**RECORD EXCERPTS:**
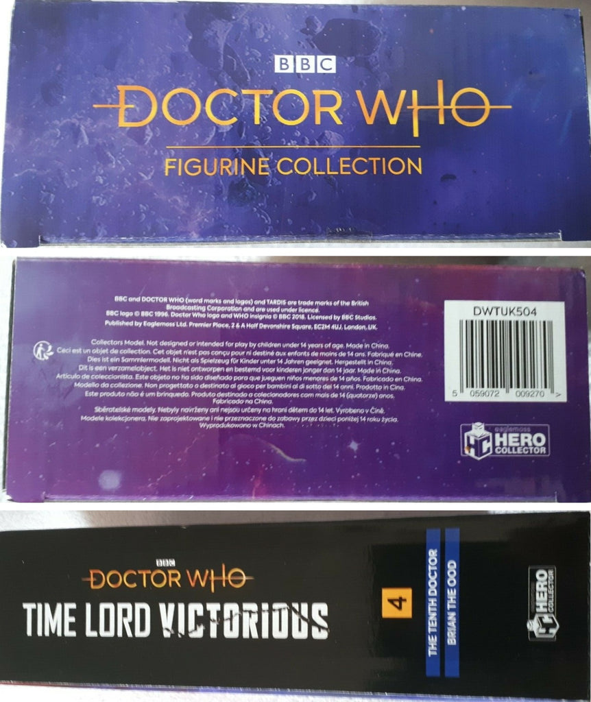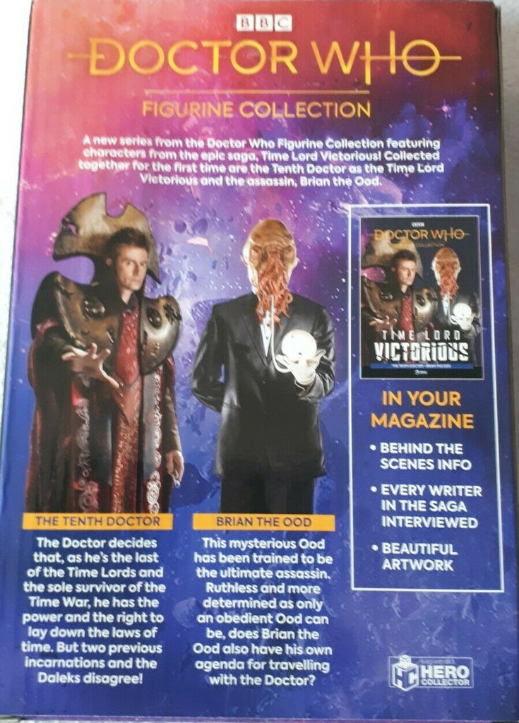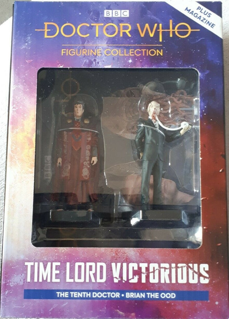 The forth and final figurine box set in this collection introduces Time Lord Victorious and Brian the Ood. As war rages across time and space, the Daleks return to the cosmos, but they are far from the most dangerous threat facing the timestream as an alternate version of the Tenth Doctor has emerged, clad in Gallifreyan robes and proclaiming himself the Time Lord Victorious! Also included is an in-depth companion magazine that highlights the huge range of creative talent involved across the entire Time Lord Victorious adventure and is packed with behind-the-scenes details.
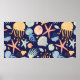 Affiche Cuisine motif sans soudure avec méduse, coquilles,
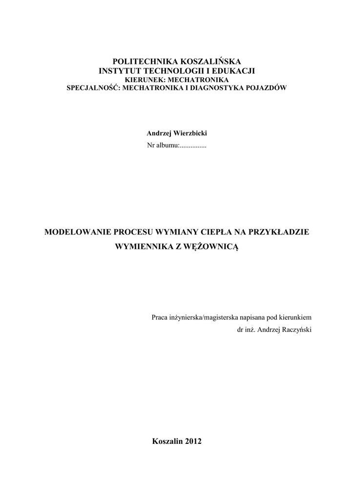POLITECHNIKA KOSZALIŃSKA INSTYTUT TECHNOLOGII I EDUKACJI KIERUNEK: MECHATRONIKA SPECJALNOŚĆ: MECHATRONIKA I DIAGNOSTYKA POJAZDÓW Andrzej Wierzbicki Nr albumu:............... MODELOWANIE PROCESU WYMIANY CIEPŁA NA PRZYKŁADZIE WYMIENNIKA Z WĘŻOWNICĄ Praca inżynierska/magisterska napisana pod kierunkiem dr inż. Andrzej Raczyński Koszalin 2012
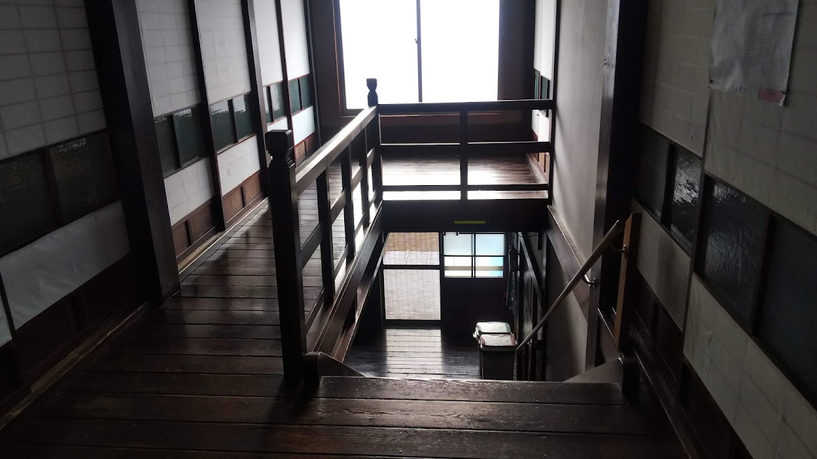 薄暗い中、黒光りする廊下に歴史を感じます。
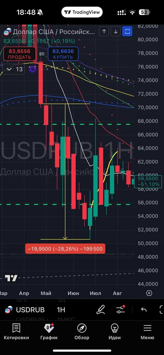 В продолжение этого поста. Статистика и не более… #доллар впервые закрывает неделю ниже 200ЕМА с апреля 22 года. Для статистики, после этого в 22 году доллар снижался еще на 30% и достигал отметки 50₽. Я примерно отложил такой отрезок на текущие цены и это не так уж и неожиданно для меня будет, если бы увидим первой цифру 6 в курсе доллара. Я точно не знаю, будет ли бакс по 60₽, но у вас явно должен быть ответ на вопрос: у вас все хорошо и готово к этому курсу? Вы точно готовы его перенести в портфеле? Просто сейчас вы в спокойном состоянии духа. А к психологу и в церковь надо ходить не когда все плохо, а когда все хорошо!
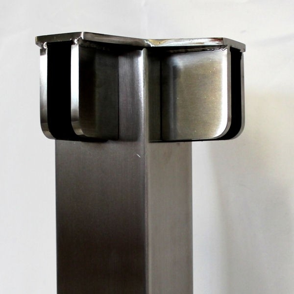 Dieser Eckpfosten wird bei einer Glaszaun-Anlage verwendet.
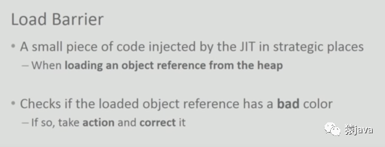 Load barriers:读屏障,是指 JIT( just-in-time compilation 即时编译器,JVM)向应用代码注入一小段代码,当从堆中读取对象引用时,就会执行这段代码,官方说明如下:

**YOUR ASSIGNMENT:** No pictures should appear; only the lines from the first line of the records through the line with "薄暗い中、黒光りする廊下に歴史を感じます。", both included, are to be restated word for word.

**TASK RESPONSE:**
 The forth and final figurine box set in this collection introduces Time Lord Victorious and Brian the Ood. As war rages across time and space, the Daleks return to the cosmos, but they are far from the most dangerous threat facing the timestream as an alternate version of the Tenth Doctor has emerged, clad in Gallifreyan robes and proclaiming himself the Time Lord Victorious! Also included is an in-depth companion magazine that highlights the huge range of creative talent involved across the entire Time Lord Victorious adventure and is packed with behind-the-scenes details.
 Affiche Cuisine motif sans soudure avec méduse, coquilles,
POLITECHNIKA KOSZALIŃSKA INSTYTUT TECHNOLOGII I EDUKACJI KIERUNEK: MECHATRONIKA SPECJALNOŚĆ: MECHATRONIKA I DIAGNOSTYKA POJAZDÓW Andrzej Wierzbicki Nr albumu:............... MODELOWANIE PROCESU WYMIANY CIEPŁA NA PRZYKŁADZIE WYMIENNIKA Z WĘŻOWNICĄ Praca inżynierska/magisterska napisana pod kierunkiem dr inż. Andrzej Raczyński Koszalin 2012
 薄暗い中、黒光りする廊下に歴史を感じます。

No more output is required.